*** Opening Supplied information ***
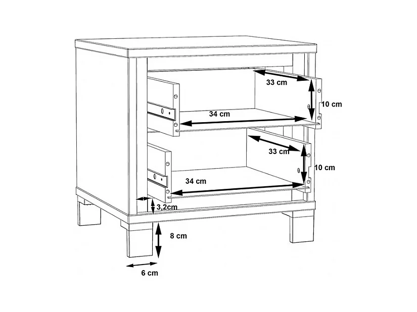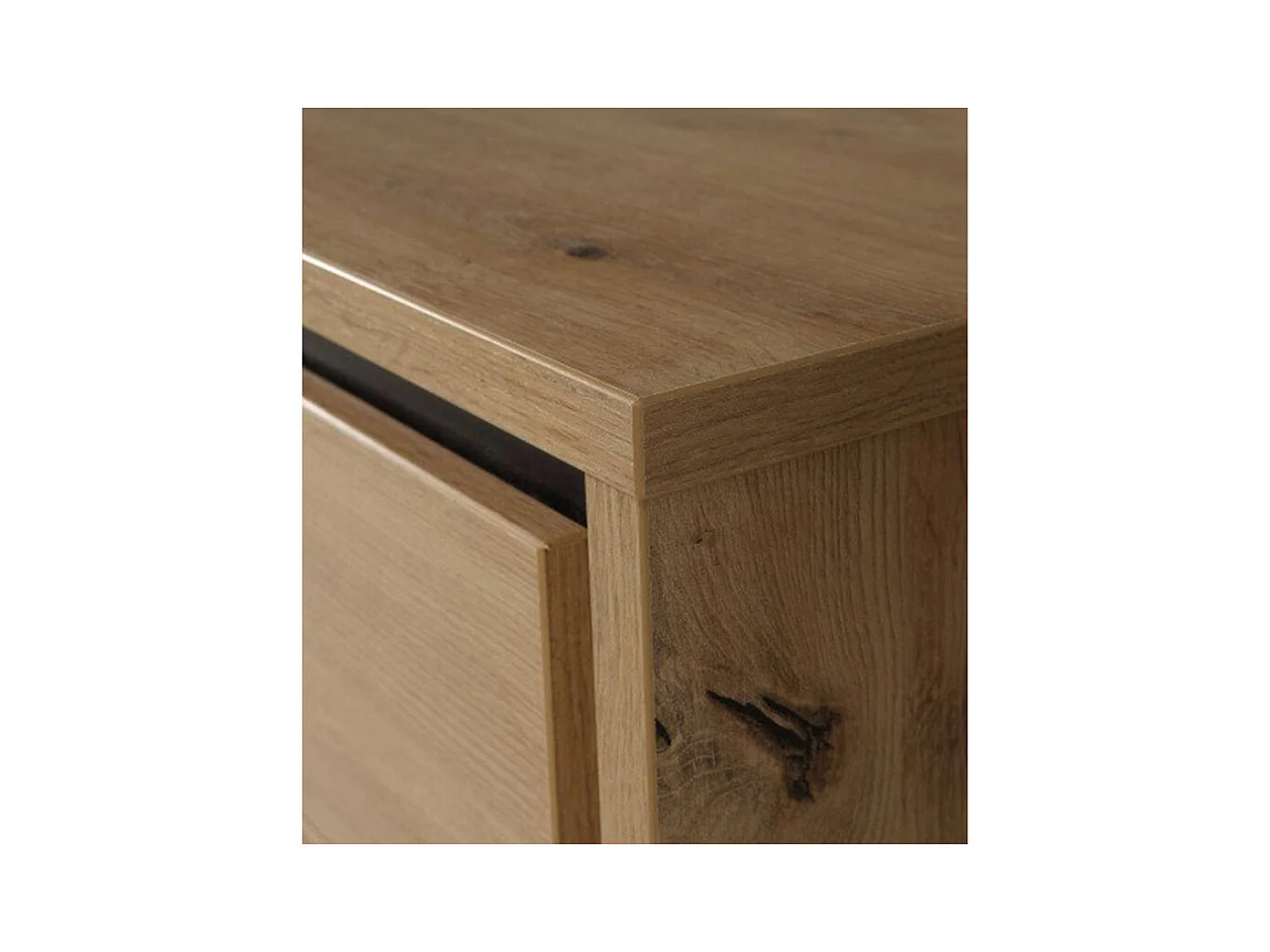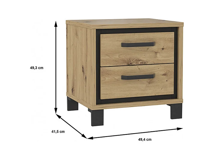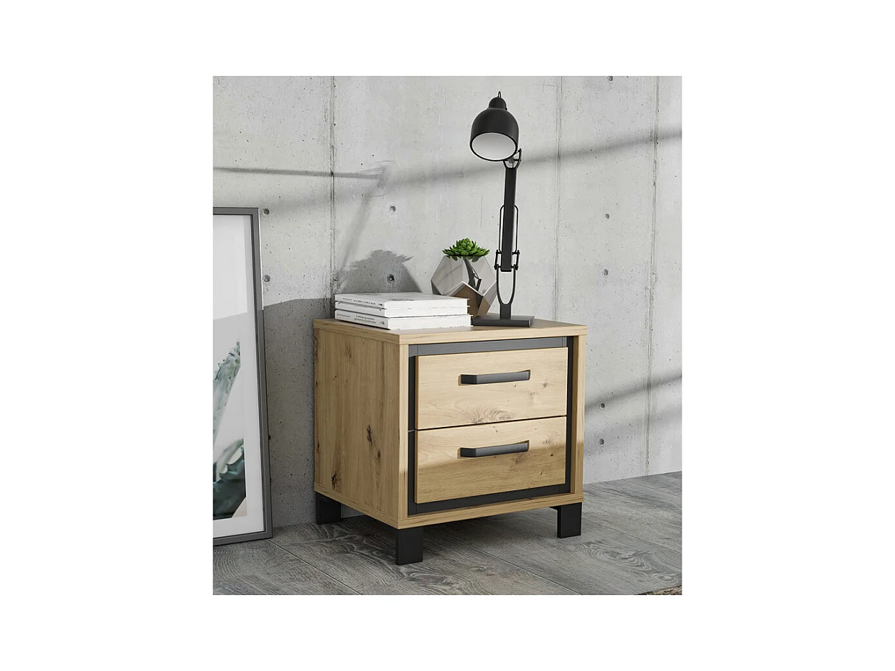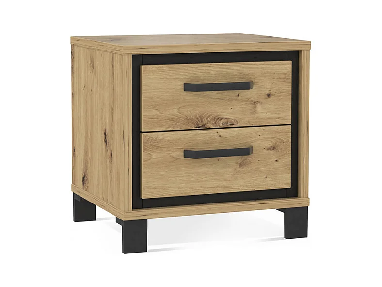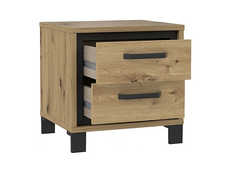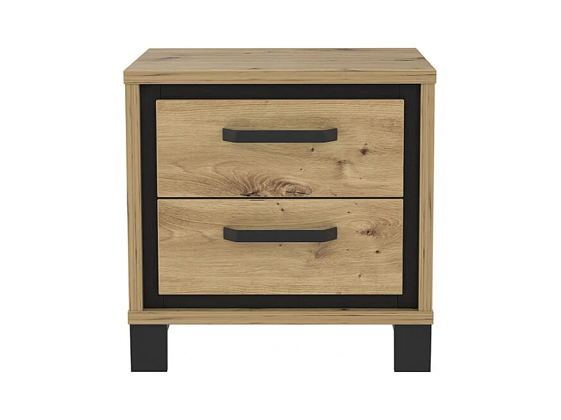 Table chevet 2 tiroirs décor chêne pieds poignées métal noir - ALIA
*** Closing Supplied information ***
*** Opening Supplied information ***
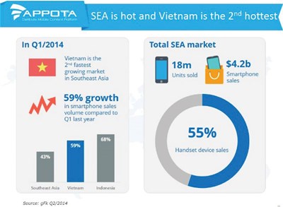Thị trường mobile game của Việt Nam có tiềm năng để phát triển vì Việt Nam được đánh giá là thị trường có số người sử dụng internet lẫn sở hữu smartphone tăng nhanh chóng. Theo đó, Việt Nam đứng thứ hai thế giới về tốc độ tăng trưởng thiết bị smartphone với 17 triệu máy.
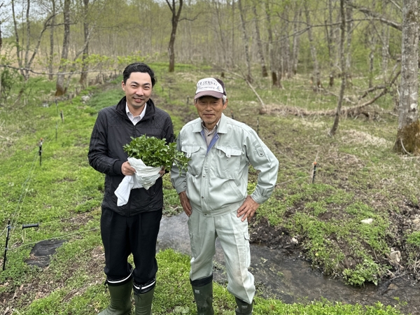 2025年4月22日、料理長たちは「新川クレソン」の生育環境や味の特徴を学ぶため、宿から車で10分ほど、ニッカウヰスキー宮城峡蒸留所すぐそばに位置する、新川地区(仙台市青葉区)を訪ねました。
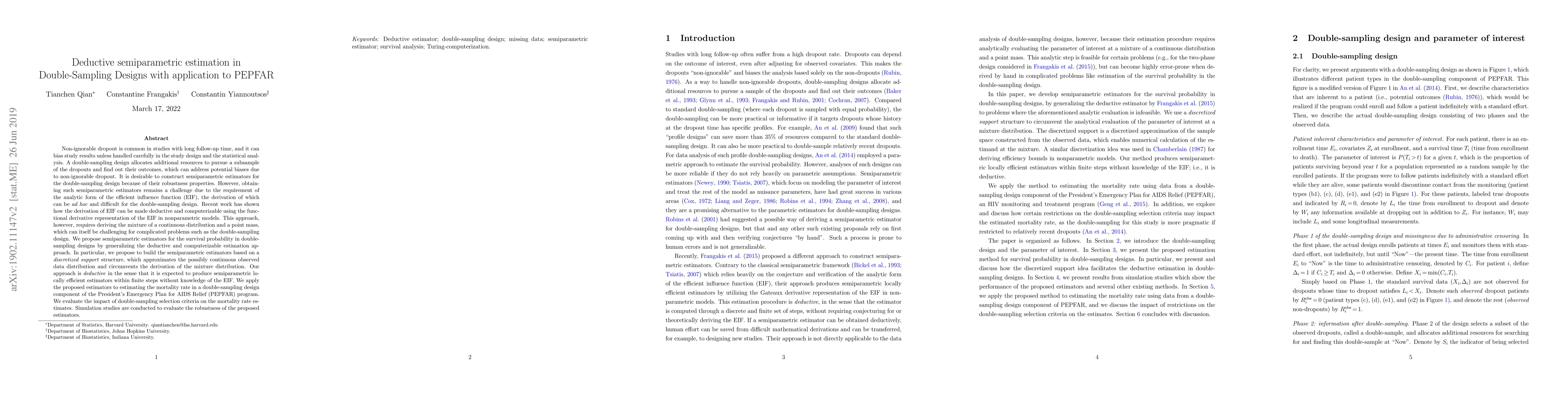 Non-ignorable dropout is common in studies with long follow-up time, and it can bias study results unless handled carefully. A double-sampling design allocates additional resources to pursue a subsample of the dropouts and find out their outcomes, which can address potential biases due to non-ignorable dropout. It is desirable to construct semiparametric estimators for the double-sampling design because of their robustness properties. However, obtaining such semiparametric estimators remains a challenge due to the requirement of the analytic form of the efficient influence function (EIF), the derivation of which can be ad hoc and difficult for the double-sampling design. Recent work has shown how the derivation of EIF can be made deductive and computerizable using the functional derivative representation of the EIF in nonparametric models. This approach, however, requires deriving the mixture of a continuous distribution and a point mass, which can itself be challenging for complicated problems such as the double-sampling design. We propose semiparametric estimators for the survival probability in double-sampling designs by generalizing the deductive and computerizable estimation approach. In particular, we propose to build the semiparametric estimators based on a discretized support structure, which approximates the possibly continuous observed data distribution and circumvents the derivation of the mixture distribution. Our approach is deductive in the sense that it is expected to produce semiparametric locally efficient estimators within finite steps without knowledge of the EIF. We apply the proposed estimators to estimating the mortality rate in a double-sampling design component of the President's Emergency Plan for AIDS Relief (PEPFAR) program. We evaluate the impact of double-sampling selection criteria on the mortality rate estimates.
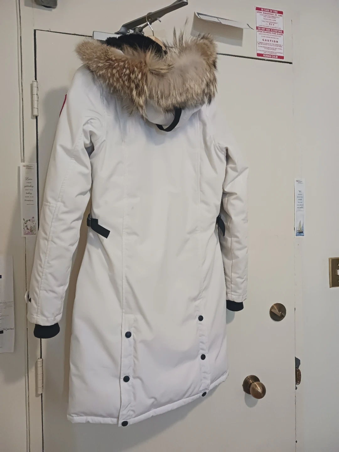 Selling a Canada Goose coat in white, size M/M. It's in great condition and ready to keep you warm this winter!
*** Closing Supplied information ***
*** Opening Supplied information ***
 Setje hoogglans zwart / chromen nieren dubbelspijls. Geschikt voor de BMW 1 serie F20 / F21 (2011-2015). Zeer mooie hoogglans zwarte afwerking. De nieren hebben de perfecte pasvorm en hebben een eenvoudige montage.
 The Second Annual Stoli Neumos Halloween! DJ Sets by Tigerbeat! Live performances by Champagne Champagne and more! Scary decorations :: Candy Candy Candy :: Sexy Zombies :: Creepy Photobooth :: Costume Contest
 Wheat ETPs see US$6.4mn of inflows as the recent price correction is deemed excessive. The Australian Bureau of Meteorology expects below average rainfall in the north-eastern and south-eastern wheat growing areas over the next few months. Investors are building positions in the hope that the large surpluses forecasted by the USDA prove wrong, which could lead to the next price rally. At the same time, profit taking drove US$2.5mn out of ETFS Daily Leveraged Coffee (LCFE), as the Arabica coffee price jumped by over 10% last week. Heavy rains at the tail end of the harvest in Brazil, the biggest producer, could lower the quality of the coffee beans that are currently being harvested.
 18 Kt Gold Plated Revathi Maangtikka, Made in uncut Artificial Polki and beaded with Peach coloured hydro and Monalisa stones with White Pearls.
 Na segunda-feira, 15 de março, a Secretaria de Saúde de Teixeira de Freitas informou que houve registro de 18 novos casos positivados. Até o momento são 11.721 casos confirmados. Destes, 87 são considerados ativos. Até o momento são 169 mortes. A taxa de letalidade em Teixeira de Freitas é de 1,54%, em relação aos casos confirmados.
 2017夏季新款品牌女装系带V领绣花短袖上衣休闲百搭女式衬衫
*** Closing Supplied information ***
Problem requirements:
Will you return exactly the lines above from the one with "The Second Annual" down to the one with "2017夏季新款品牌女装系带V领绣花短袖上衣休闲百搭女式衬衫", counting both as part of the range?

Reply to the task:
 The Second Annual Stoli Neumos Halloween! DJ Sets by Tigerbeat! Live performances by Champagne Champagne and more! Scary decorations :: Candy Candy Candy :: Sexy Zombies :: Creepy Photobooth :: Costume Contest
 Wheat ETPs see US$6.4mn of inflows as the recent price correction is deemed excessive. The Australian Bureau of Meteorology expects below average rainfall in the north-eastern and south-eastern wheat growing areas over the next few months. Investors are building positions in the hope that the large surpluses forecasted by the USDA prove wrong, which could lead to the next price rally. At the same time, profit taking drove US$2.5mn out of ETFS Daily Leveraged Coffee (LCFE), as the Arabica coffee price jumped by over 10% last week. Heavy rains at the tail end of the harvest in Brazil, the biggest producer, could lower the quality of the coffee beans that are currently being harvested.
 18 Kt Gold Plated Revathi Maangtikka, Made in uncut Artificial Polki and beaded with Peach coloured hydro and Monalisa stones with White Pearls.
 Na segunda-feira, 15 de março, a Secretaria de Saúde de Teixeira de Freitas informou que houve registro de 18 novos casos positivados. Até o momento são 11.721 casos confirmados. Destes, 87 são considerados ativos. Até o momento são 169 mortes. A taxa de letalidade em Teixeira de Freitas é de 1,54%, em relação aos casos confirmados.
 2017夏季新款品牌女装系带V领绣花短袖上衣休闲百搭女式衬衫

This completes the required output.